PROBLEM DETAILS — Below are some records. Write out exactly their lines from the one with "This large scale" through the one with "KIT DE ESCOVAS", and leave the pictures behind.

LISTED ENTRIES —
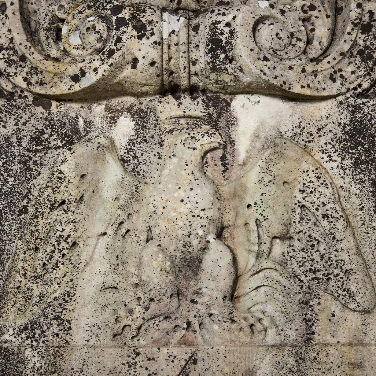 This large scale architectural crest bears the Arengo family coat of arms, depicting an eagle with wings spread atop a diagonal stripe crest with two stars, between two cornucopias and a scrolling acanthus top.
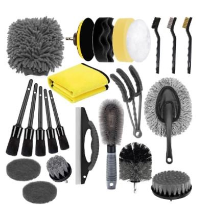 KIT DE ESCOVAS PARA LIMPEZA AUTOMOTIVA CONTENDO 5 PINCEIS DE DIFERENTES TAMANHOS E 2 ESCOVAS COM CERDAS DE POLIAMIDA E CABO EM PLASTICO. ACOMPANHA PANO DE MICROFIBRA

---

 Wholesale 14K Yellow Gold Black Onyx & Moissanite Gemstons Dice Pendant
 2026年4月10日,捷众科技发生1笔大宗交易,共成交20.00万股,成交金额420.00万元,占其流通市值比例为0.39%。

WRITTEN RESPONSE —
 This large scale architectural crest bears the Arengo family coat of arms, depicting an eagle with wings spread atop a diagonal stripe crest with two stars, between two cornucopias and a scrolling acanthus top.
 KIT DE ESCOVAS PARA LIMPEZA AUTOMOTIVA CONTENDO 5 PINCEIS DE DIFERENTES TAMANHOS E 2 ESCOVAS COM CERDAS DE POLIAMIDA E CABO EM PLASTICO. ACOMPANHA PANO DE MICROFIBRA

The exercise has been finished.